Speaking of awards—instead of ribbons, they give out hand towels in the color of your placing. How clever is that?

Lots of good riding and fit looking horses, even after the winter we all had, which was nice. I saw one Intermediaire I horse in a snaffle yesterday (and it looked like a wise choice, as he looked young and green to the level; I think it got a 65 percent). Lots of helmets, too, including several on riders in shadbellies. Several green ribbons pinned to the lapels of riders in top hats, including one on a young stallion, which doesn’t seem to make a lot of sense.

The footing here is less than ideal for dressage, but the stabling is terrific. Hot water in the wash stalls, lovely restrooms in all the barns, great ventilation. They have round pens scattered around the show for longing, which is great—at most of the facilities we show at, the longing area is a good schlep from the show ring, so by the time you bring your naughty young horse back to the show ring from longing he’s regained all the nutty you just longed out of him.
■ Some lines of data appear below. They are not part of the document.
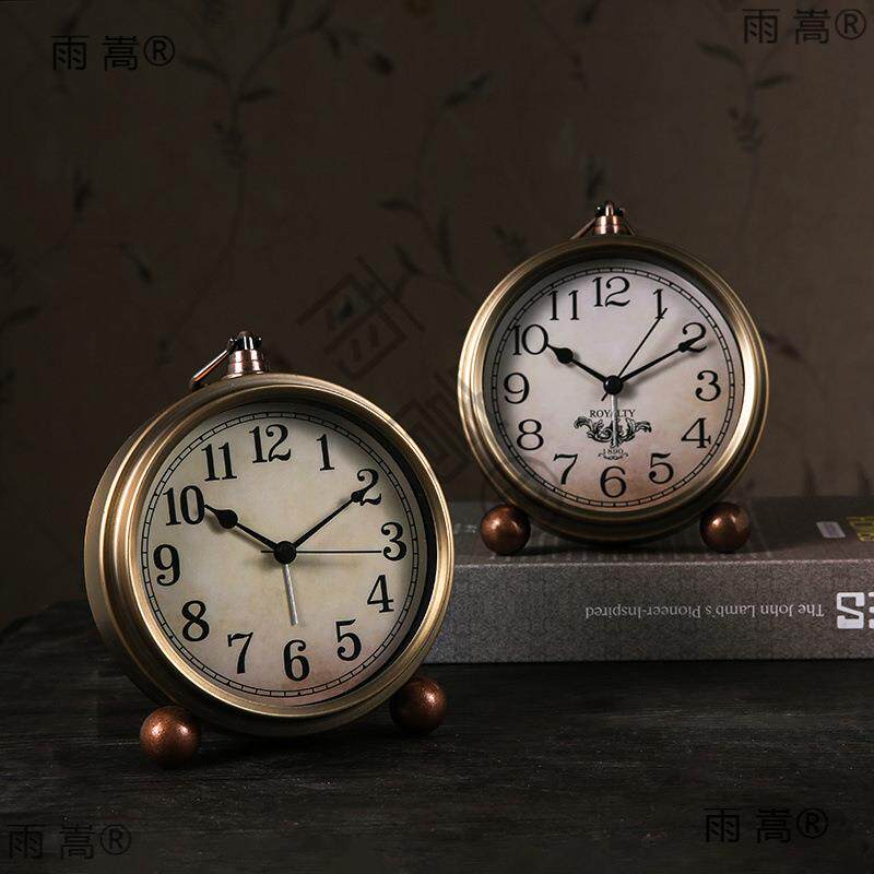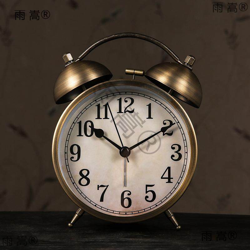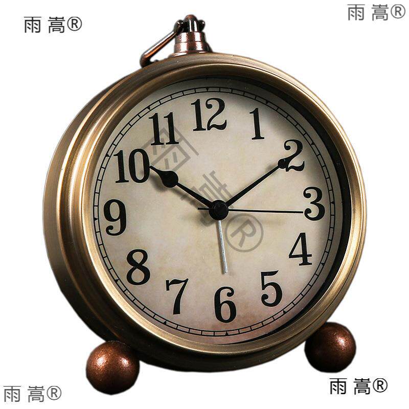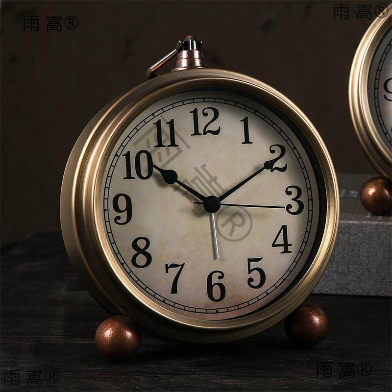轻奢风复古小台钟闹钟表金属镀铜老式经典学生用床头书桌装饰摆件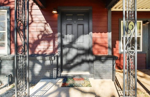 Add a little glitter and glam to your Aggieland stay at our Breakfast at Tiffany's-inspired home. Elegantly designed and decorated, this 3-bedroom, 2-bathroom house is perfect for hosting, featuring 4 twin beds and 2 king beds. The spacious layout offers plenty of room for hangouts, while the chic, sparkling décor exudes luxury. Located near Texas A&M and Northgate Entertainment District, you'll be close to all the best hotspots. "A girl can't help if she likes a little luxury." The front two bedrooms share a bathroom with a tub. The primary bedroom, located at the back of the house off of the 2nd living room, has a private bathroom with walk-in shower. This home is attached to a studio-apartment that sleeps 3 that can be rented separately if additional space is needed. Both units have independent, private entrances.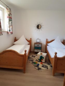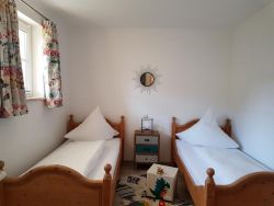 Schlafzimmer 2: mit zwei Einzelbetten und Schrank, Spielsachen und Bücher für Kinder.
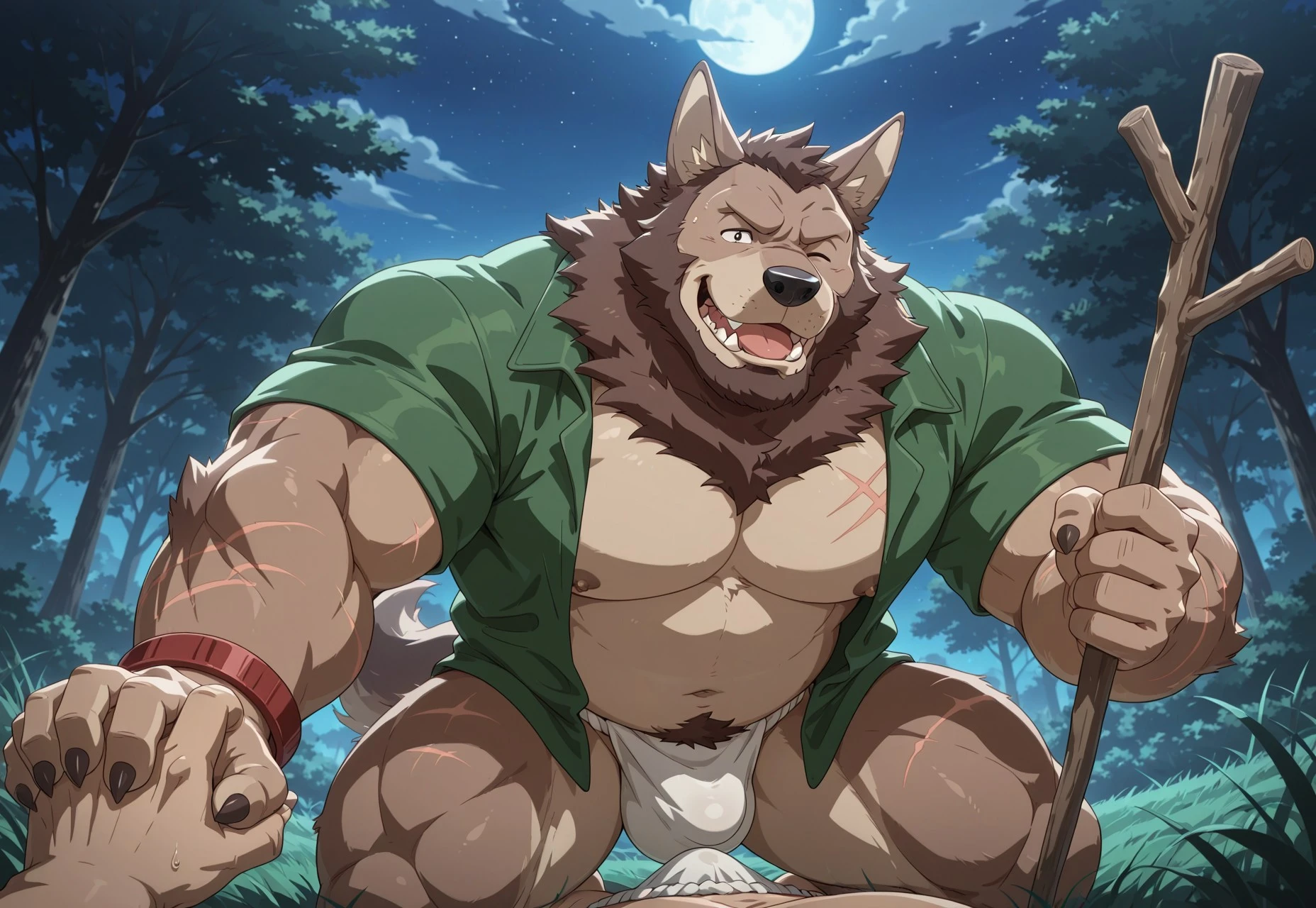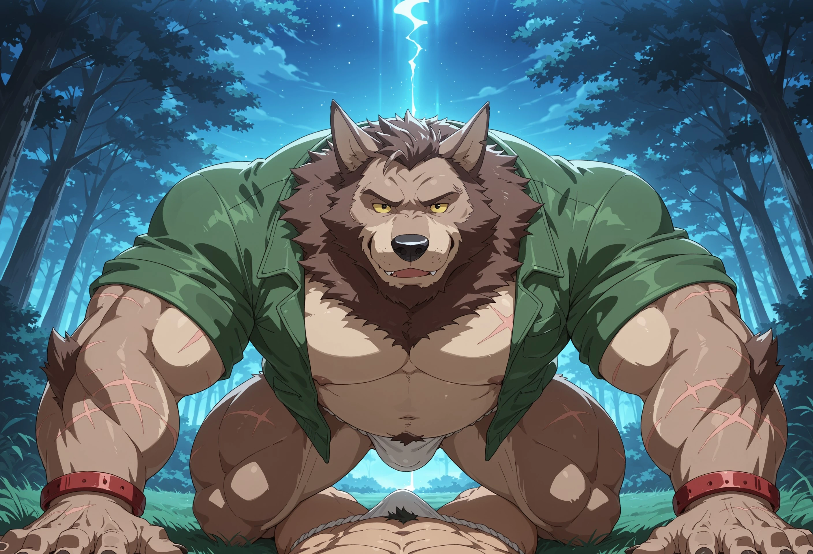 Caleb, werewolf, wolf ears, black nose, muscular, gut, light brown fur, darker brown hair, beard, brown mane, lighter fur on chest, scars on body, yellow sclera, teeth fang, small black eyes, no eyebrows, open chested short sleeve green jacket, red bracelet, white fundoshi underwear, hind legs, wolf feet, sharp dark brown nails, dagger strap on leg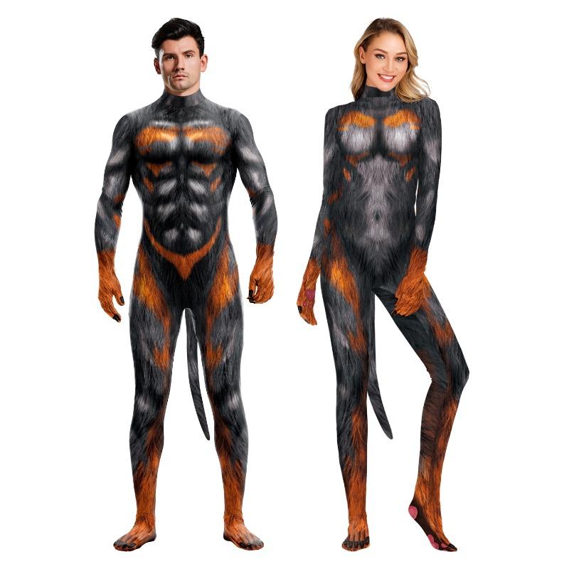 Мужской костюм на Хеллоуин, эластичный карнавальный костюм для фитнеса с животным, полный комбинезон с хвостом, женские цельные костюмы, костюм Зентай для взрослых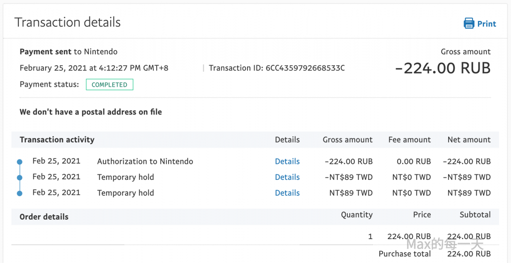 在實際上以 224 RUB 買「高高興興動物樂園」來說,在 PayPal 換成台幣支付會是付 NT$89 TWD, 而不是遊戲箱子App的裡較優匯款的 NT$84 TWD,PayPal 因為沒有另外收手續費,應該是調整在PayPal的較貴匯率裡。

Speaking of nutty, tomorrow is Fender’s Materiale class, before which I think we might make use of those lovely round pens. Ella will do the I2—I wasn’t totally convinced I was going to ride it, but I want to see what happens a) if I show her two days in a row at this level; will she be totally dead?, and b) if I give her next-to-no warm-up, just walk-trot-canter and a little piaffe/passage before we head over. I need to start thinking about how to prepare her for shows where multiple days of competition count. And Midge will do 4-3, which has a very evil centerline of shoulder-in. If my judge could conveniently sneeze or drop a contact or something while I’m over X, that’d help a lot, I’m sure.